Finally, the Court decided that the reproductions made by LAION when creating the Dataset qualify as TDM for scientific research purposes under Section 60d(1) of the Copyright Act.

Section 60d(1) states:

(1) It is permitted to make reproductions to carry out text and data mining (Sections 44b(1) and (2) sentence 1) for scientific research purposes in accordance with the following provisions.

(2) Research organisations are authorised to make reproductions. ʻResearch organisationsʼ means universities, research institutes and other establishments conducting scientific research if they

1. pursue non-commercial purposes,

2. reinvest all their profits in scientific research or

3. act in the public interest based on a state-approved mandate.

The authorisation under sentence 1 does not extend to research organisations cooperating with a private enterprise which exerts a certain degree of influence on the research organisation and has preferential access to the findings of its scientific research.

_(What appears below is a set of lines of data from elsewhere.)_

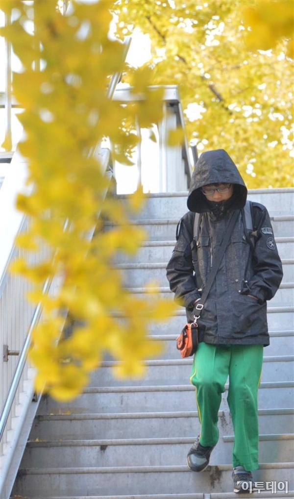 11월 들어 기온이 뚝 떨어지면서 전국 대부분이 초겨울 날씨를 보이는 가운데 4일 서울 미근동 미동초등학교 앞에서 어린이가 겨울 외투를 입고 등굣길을 서두르고 있다. 기상청은 아침엔 복사냉각에 의해 기온이 떨어져 춥겠지만 낮부터 점차 평년기온을 회복할 것으로 예상했다. 신태현 기자 holjjak@
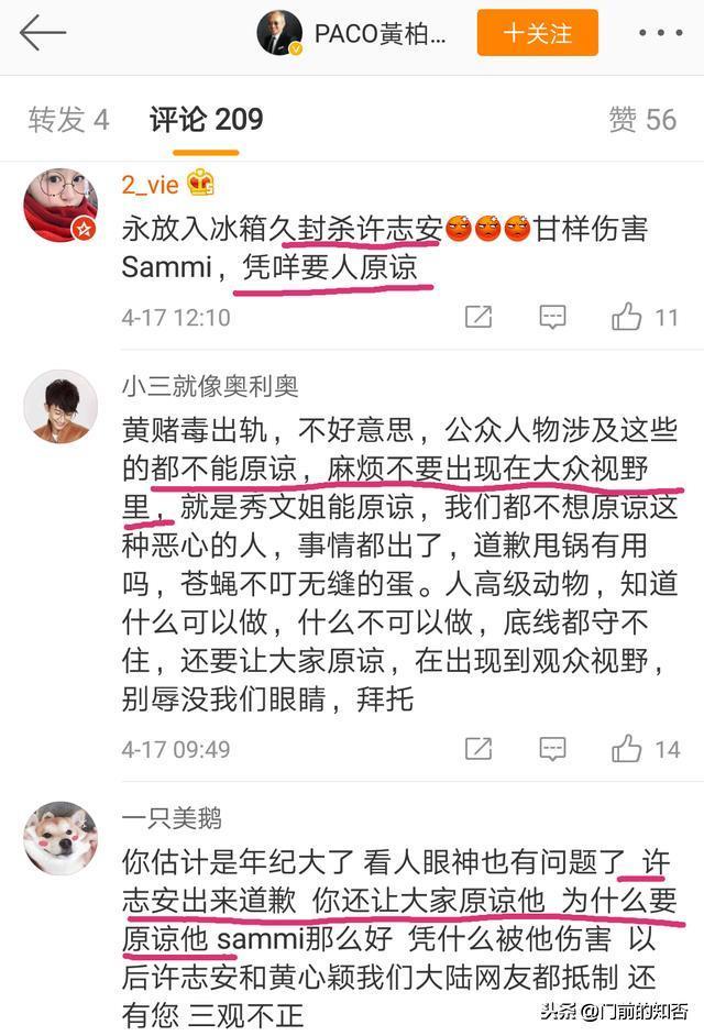 18号郑秀文发文表示原谅许志安,随后黄柏高发文感谢郑秀文:“好开心Sammi可以原谅安仔,好多谢Sammi,并希望大家大家给许志安多一次机会,他已经痛定思痛,时间会证明他以后会以行动重新做人”。虽然经纪人竭尽全力的帮许志安向大众求情,但是网友们并不买账,直言“绝不原谅,永久封杀”。看来经过这次的偷吃事件之后,许志安今后很难再翻身了。
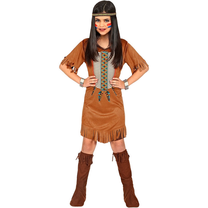 Das Original Indianischer Ureinwohner-Kostüm für Mädchen beinhaltet: Kleid und Stirnband | Dieses Indianischer Ureinwohner Kinderkostüm ist in 5 verschiedenen Größen erhältlich
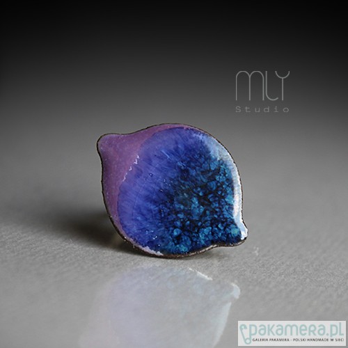 Oryginalna ceramiczna broszka, wykonana z delikatnej gliny kamionkowej, szkliwiona mieszanką fioletowych i błękitnych szkliw z efektem plamek, zapięcie w kolorze srebrnym. Długość ok. 2,6cm. Polecam . .
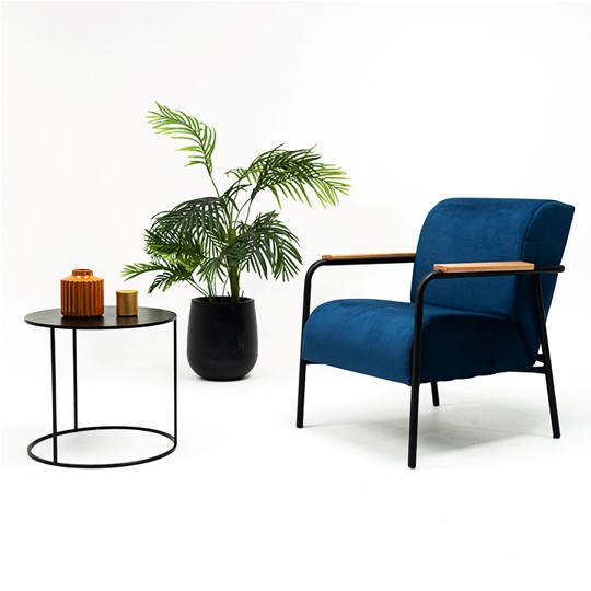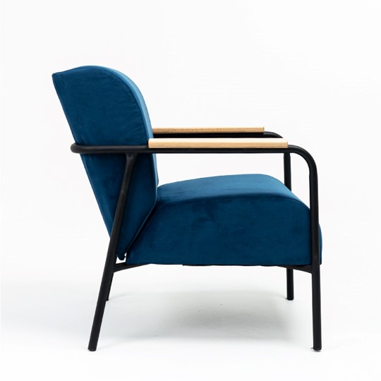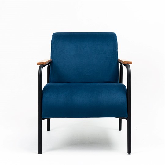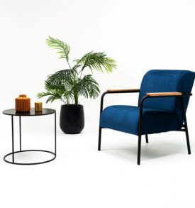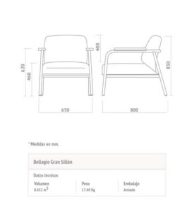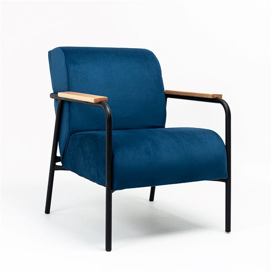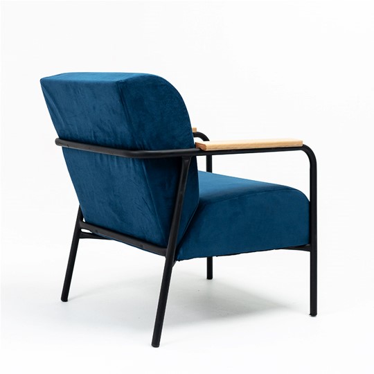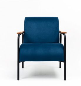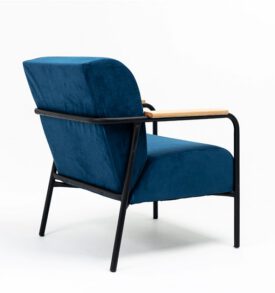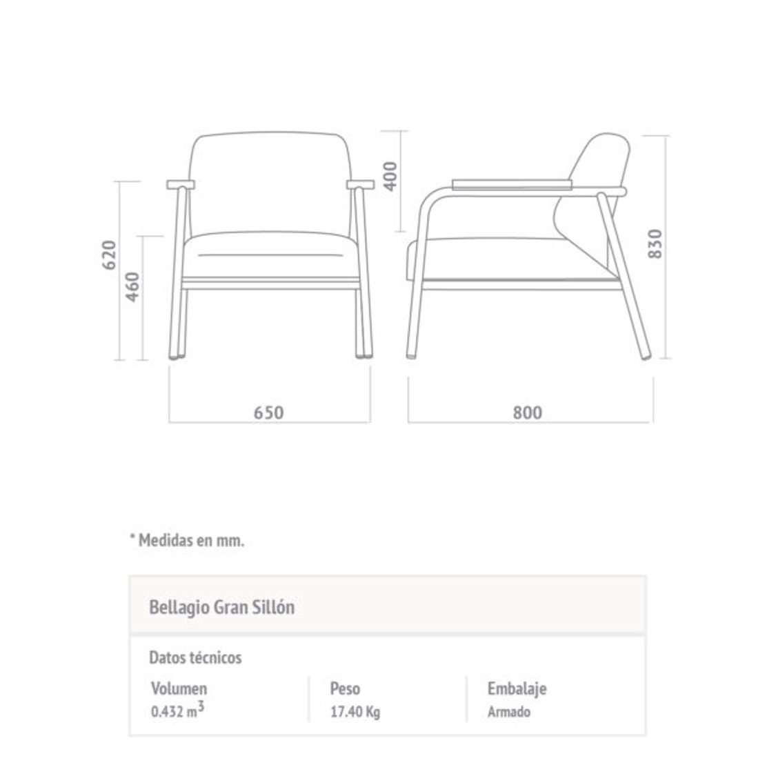 Estructura fija de caño con detalles en apoyabrazos de madera.

The Court found that the creation of the Dataset was scientific research. While it did not directly generate scientific findings, it was a necessary and essential step in the scientific research process that LAION made with the intention to make such Dataset available to other researchers in the field of artificial neural networks for their research. LAION acted for non-commercial purposes, because it made the Dataset available to the public free of charge. According to Recital 42 of the InfoSoc Directive, only the non-commercial nature of the specific activity in question is relevant; the organizational structure and funding of the organization are not decisive. While the claimant asserted that LAION had close connections with, and received financial and computing resources support from, commercial companies, the Court found that the claimant had failed to substantiate and prove that these commercial companies exerted a decisive influence on the research organization and had preferential access to the findings of its scientific research, as required by the last sentence of Section 60d(2), to carve out the creation of the Dataset from the TDM exception.

III. Takeaways

1. Should AI Training Be Carved Out From the TDM Exceptions?

The judgment clarifies that creators of datasets that use TDM and make available such datasets for AI training purposes on a general basis can be in scope for the TDM exceptions for non-commercial scientific research and commercial purposes. In addition, the judgment confirms that the creation of a dataset can qualify as non-commercial scientific research under Section 60d of the German Copyright Act. However, the judgment does not bring clarity to the dispute among legal experts[7] whether the specific use of copyrighted content in the training of AI models is in the scope of the TDM exceptions under Article. 3 and 4 of the DSM Directive as implemented in Sections 44b and 60d of the German Copyright Act. It seems doubtful whether the facts of this case would permit higher courts to provide more clarity on this issue in case of an appeal.

2. Can There Be an Opt-Out by Any Rights Holders?

The judgment shows that the TDM opt-out does not necessarily have to be expressed by the copyright owner of the work but can be expressed by any rights holder that holds exclusive and non-exclusive rights in the work. Copyright owners may consider obligating their licensees to include, in addition to a reservation of rights in their natural language in their website terms, a machine-readable opt-out in a format specified under Section 3 below.

3. What Constitutes a Machine-Readable TDM Opt-Out?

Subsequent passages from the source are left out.